Breaking Down Breaking 2

In 2019 , Nike made a second attempt to the unthinkable: a sub-2-hour marathon race. They have prevailed in their unique objective, and it was everything with the exception of a disappointment. A couple of years on, how about we do a maths and break down the numbers.

On that morning of Saturday of October twelfth, three distance runners, Eliud Kipchoge, Lelisa Desisa, and Zersenay Tadese, set off into the darkness (in a real sense – they began before sunrise) as they endeavored the outlandish feat: running 26.2 miles in under 2 hours. The legend goes that the courier Philippides ran the separation from the combat zone of Marathon to Athens to declare that the Persians were defeated. After having shouted “we have won,” he at that point collapsed and died from exhaustion, having run the whole distance, yet also have faced the conflict himself. Legend or not, I can unquestionably trust it. World-class runners we see on TV make it look so easy, yet consider the big picture… 26.2 miles. That is 42.2 kilometers, 42200 meters, 105 laps of a running track – it’s insane.

In any case, the distance isn’t the problem. In the marathon race, the current men’s world record is 2:01:39, held by Kipchoge himself and was set in Berlin in 2018. That works out at 4:39 per mile for 26.2 of them. Roger Banister famously ran a sub-4-minute mile in 1954 (almost 65 years preceding Nike’s sub-2-hour long-distance race), which is still today a staggering accomplishment, yet that is only for one mile without help from anyone else. The marathon world record speed might be a little slower (17.5% to be precise); however, here we are discussing 26.2 of them, in succession, without any breaks, as I said previously, insane.

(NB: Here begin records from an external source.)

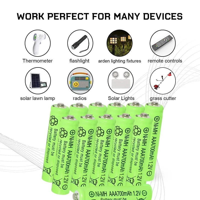 AAA Rechargeable Batteries Set 700mAh 1.2V Ni-MH Triple A Batteries High Capacity for Garden Landscaping Outdoor Solar Lights
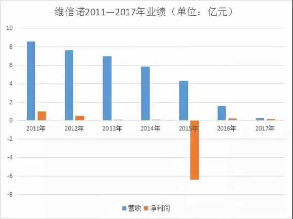 筆者對(duì)比了近幾年來維信諾的年度業(yè)績(jī):2011年—2017年全年?duì)I收分別為8.57億元,7.62億元,6.97億元,5.83億元,4.30億元,1.59億元,0.31億元,歸屬于上市公司的凈利潤(rùn)分別為1.02億元,0.55億元,0.14億元,0.12億元,-6.41億元,0.26億元、0.15億元。
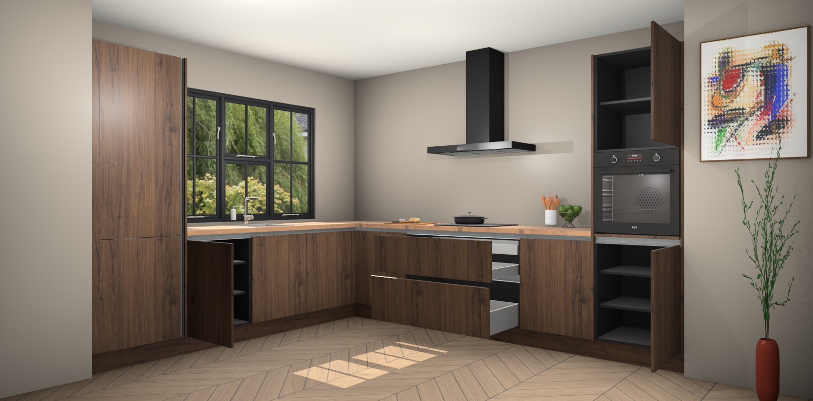 In deze box zijn alle kleuren verzameld van de deuren en werkbladen. Vraag de gratis kleurenbox aan en kijk thuis rustig verder!
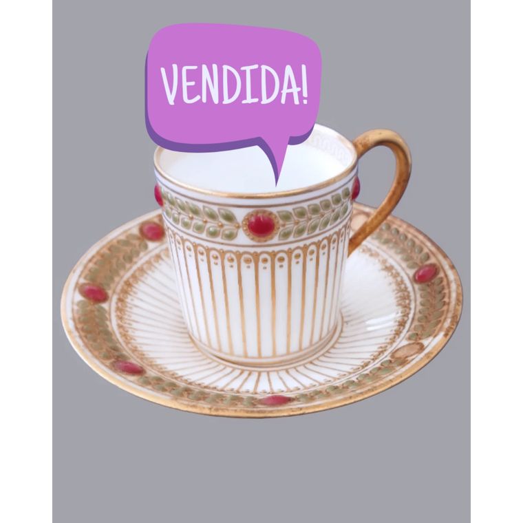 LIMOGES - Delicada xícara para café de coleção confeccionada em porcelana francesa do século XIX pintada a mão com apliques de esmalte e riquíssima douração e pintura. Peça marcada na base.
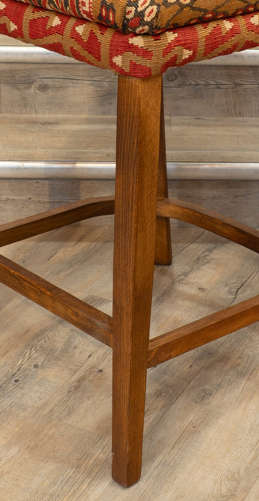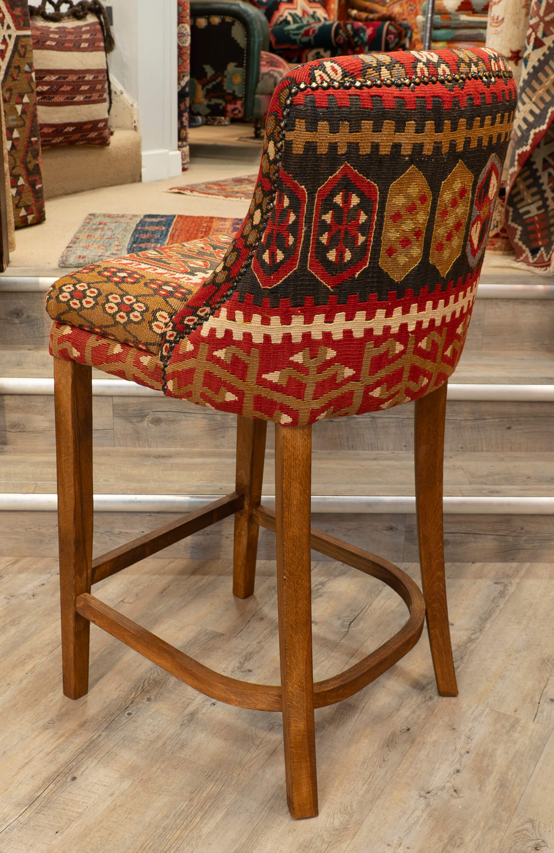 These interesting bar stools are very smart. The salvaged kilim has been repurposed to create interesting high stools, which will be a fabulous addition to anyone seeking something extra special and unique. Each piece of Kilim has been expertly placed to full effect; although we can't do multiple identical chairs, we try to get them made as 'Jack & Jill' pairs. Of course, if anyone requires more, we would cut kilims from the same piece to create a set that would be more like a 'harlequin set'. Don't hesitate to contact us to discuss this if needed. Finally, the chairs were studded around the back, and the wood was polished with Danish wax to a medium oak.

If you don’t know about your imperial measurements (who does nowadays), the world record pace is an average of 2:48 per kilometer or 67 seconds for each 400m/1 lap of a running track. To believe that marathon runners do that for 105 laps straight is stunning. We can proceed and separate it significantly further into 100m sections. One long-distance race is equivalent to 422 sets of 100m, and to break the world record, you would have to run every one of them in 17 seconds. It probably won’t sound too hard; running a 17-second 100m race, you could likely go out and do it at this moment if you are in some physical shape, yet that would be one. Have a go at doing 421 more at a similar speed, in a row, without any break, once more, crazy. Ideally, you get the image at this point.